What about COVID-19?

At the time of this writing, the insurance industry is facing added uncertainty due to the global COVID-19 pandemic. While it’s difficult to forecast the long-term effects of the pandemic on employee benefits plans, we can make certain predictions for the coming year:

  • We don’t expect group life insurance rates to see any direct impact as a result of the pandemic, as the fatality rate, thus far, has been highest among seniors.
  • We’re starting to see an impact on disability insurance, due to an increase in mental health claims related to the pandemic. We expect the severity and duration of these claims to correlate with the severity and duration of the pandemic.
  • Between March and June 2020, many benefits plan sponsors benefited from reductions in claims or insurer premium credits related to extended health and dental plans, as paramedical and dental practitioners shut down operations. Since then, however, these types of claims have largely returned to pre-pandemic levels, and we expect this trend to continue.
  • With respect to any potential COVID-19 vaccine, we expect the federal and provincial governments to pick up the cost, based on current information.

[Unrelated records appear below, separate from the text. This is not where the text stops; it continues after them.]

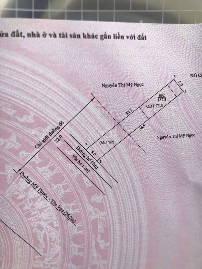 | Mỹ Phước – Tân Vạn, cách bệnh viện 500m | 200 | 5,2 | 26 | Đất thổ cư, sổ hồng, khu dân cư đã ổn định |
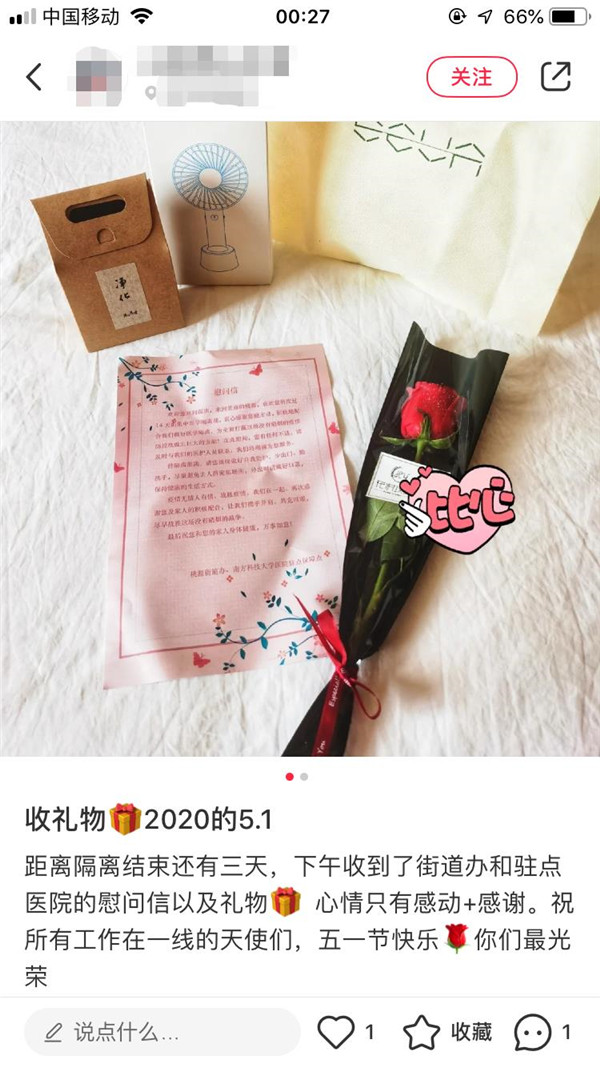 收到街道節日禮物的隔離人員,在小紅書發言感謝
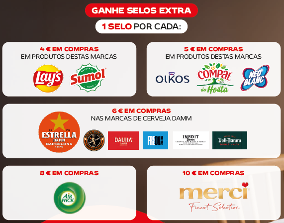 4.1.4 Durante toda a vigência da Campanha, por cada 6€ (seis euros) em compras associadas ao Cartão Continente, efetivamente pagas, numa das Lojas supra indicadas, em artigos das marcas de cerveja “Damm”, (incluindo “Estrella”, “Daura”, “Voll”, “Inedit”, “Bock” e “Free”), selecionados exclusivamente para a Campanha, e que se encontram discriminados no Anexo II do presente Regulamento. O referido valor, para atribuição do selo extra, poderá ser atingido com a compra de diferentes artigos da marca em questão numa única compra/encomenda.
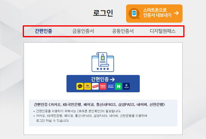 ※ 간편인증, 금융인증서, 공동 인증서, 디지털원패스 등 자신에게 편리한 방법을 이용해주세요
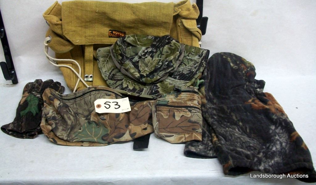 ONE SZ.36 BELT, ONE SKS RIFLE SLING, ONE WORLD FAMOUS BACKPACK, TWO BALACLAVAS, ONE RABBIT FUR BOMBER HAT, ONE CAMO HAT, ONE PAIR OF MENS SZ.10 HIP WADERS, ONE CAMO FANNY PACK, ONE PAIR OF MENS SZ.9.5 BROWNING LEATHER BOOTS IN EXCELLENT INTERIOR CONDITION, ONE MENS SZ.L THIN HUNTING GLOVES, 300FT OF TWISTED POLY ROPE, PLUS VARIOUS LENGTHS OF PARACORD, CLOTHESLINE, NYLON, AND TWINE.
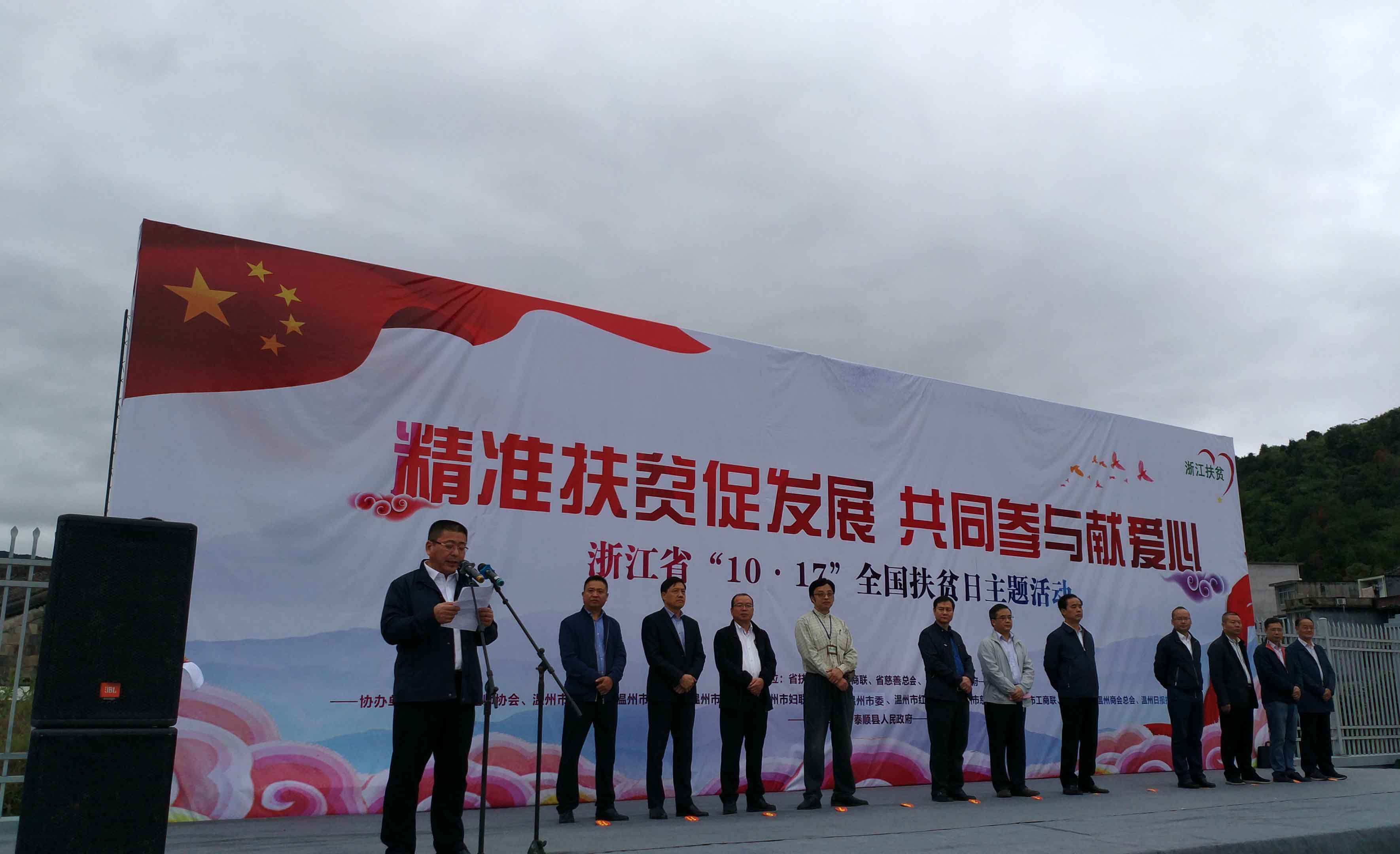 10月17日是全國第四個“扶貧日”,由浙江省扶貧辦、浙江省工商聯(lián)、浙江省慈善總會、溫州市人民政府主辦,浙江省醫(yī)師協(xié)會、溫州市扶貧辦、溫州市紅十字會、溫州市慈善總會、溫州市工商聯(lián)、溫州日報報業(yè)集團(tuán)等單位協(xié)辦,泰順縣人民政府承辦的“精準(zhǔn)扶貧促發(fā)展,共同參與獻(xiàn)愛心-浙江省‘10.17’全國扶貧日主題活動”于10月17日上午在泰順縣雅陽鎮(zhèn)舉行。
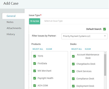 - Issue Types are based on the selected processor (TSYS or Fiserv)
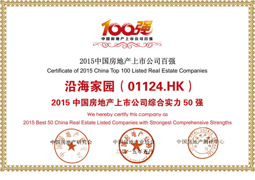 沿海綠色家園榮膺“2015中國房地產上市公司50強”
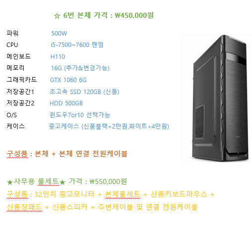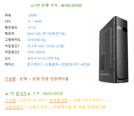 컴퓨터 가격 : 58만원(32인치 모니터+본체(주변기기) 풀세트 68만원)
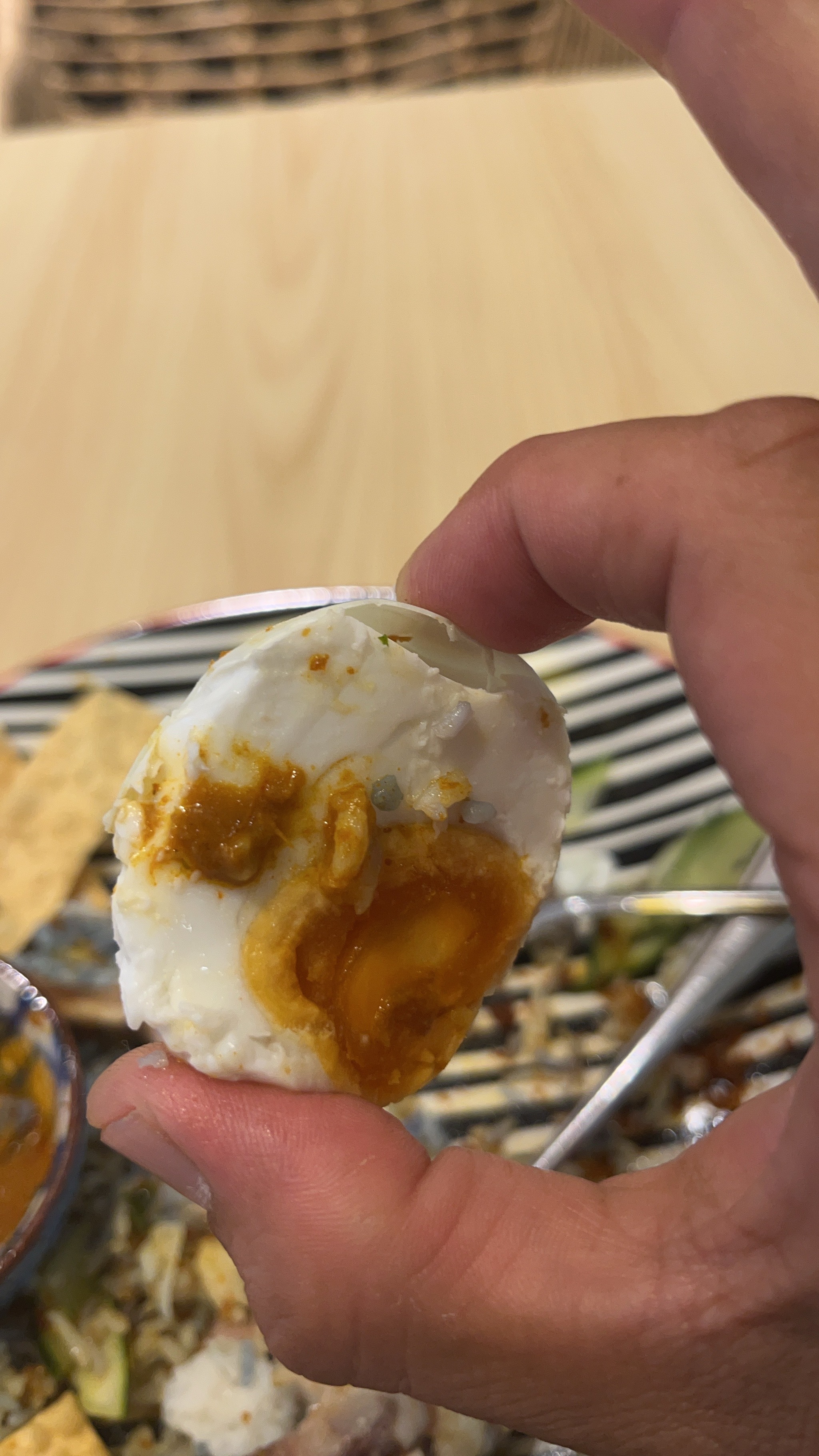 ゆで卵は、まさかの“殻つき真っ二つカット”で登場。
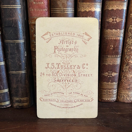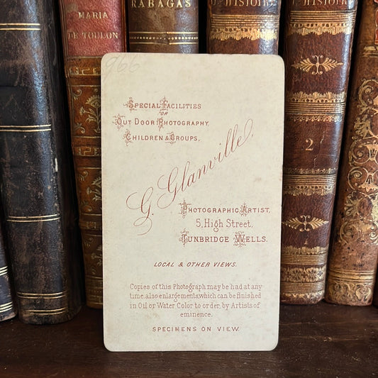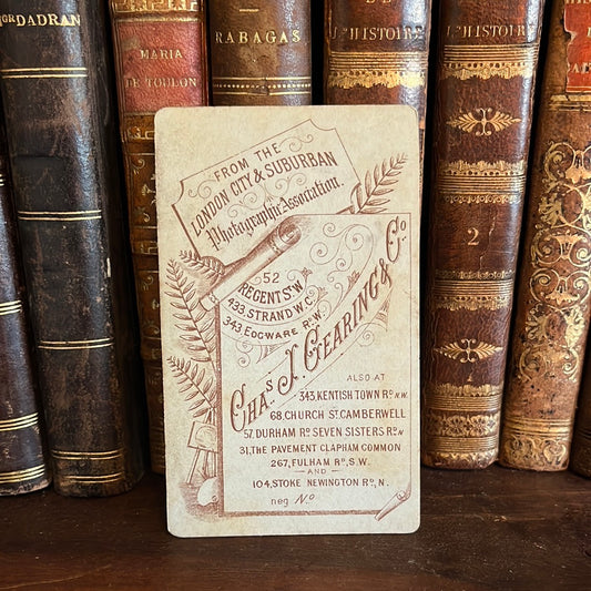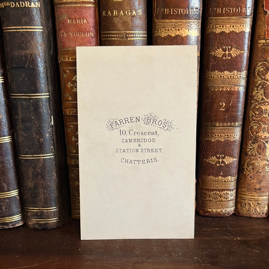 Diese wunderschönen Fotokarten stammen aus der Zeit zwischen 1850 und 1914. Zu dieser Zeit wurden diese Pappvisitenkarten häufig mit (Familien-)Porträts versehen. Auch die Rückseite sah mit viktorianischen Texten und dem Logo des Fotografen oft wunderschön aus. Diese Carte de Visite oder Kabinettkarten wurden oft an Freunde, Verwandte und Verwandte verschenkt. Es wurden auch Fotos der königlichen Familie gesammelt. Da die Jahreszahl auf ihnen fast nie angegeben war, ist es schwierig herauszufinden, aus welchem Jahr sie stammen, aber es dürfte um das Jahr 1900 liegen.
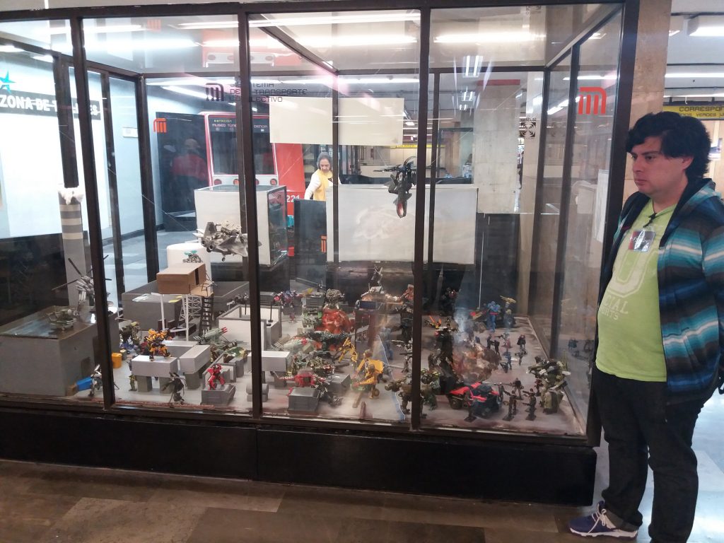 Me encontré a nuestros amigos de Unión Transformex y al Club Mex Joe´s base CDMX, bueno solo al buen amigo Victor Colina también conocido como «El Maquina» que es parte del grupo de Unión Transformex, nuestros amigos tienen una hermosa representación de una batalla entre Autobots y Decepticons, en el Metro La Raza, mas específicamente en el pasillo de la Ciencia.

Where do you go from here?

Organizations need to recognize that the financial risks related to employee benefits plans are both significant and increasing. Unless they’re prepared to accept inflation rates three to five times higher for these plans than for other areas of their business, they’ll need to gain a better understanding of the current reality and develop strategies that are best suited to their own unique needs. If they don’t, they risk having employee benefits plans that are neither financially sustainable nor effective in helping to attract, retain, and engage the key talent they need to deliver on their business plans.


Author

Dan EisnerDan Eisner is an employee benefits advisor with ZLC Financial in Vancouver, where he works with human resources and finance professionals to create proactive, creative, and innovative employee benefits plans and broader workforce planning strategies. Dan has taught “Understanding the Financial Risks of Employee Benefits” for CPABC’s PD program.

 

Footnotes

  1. Trend data and other figures are from ZLC Financial unless otherwise noted.
  2. Monica Haberl, Nicole Stewart, Benefits Benchmarking 2019: Innovation and Flexibility Lead the Way, February 28, 2019, conferenceboard.ca. While this average was drawn from a variety of industries across Canada, the actual results varied significantly according to business size and industry type.
  3. Annual employee benefits plan cost increases have been relatively low over the last couple of years, compared to the increases of 10% to 12% seen in the early 2000s.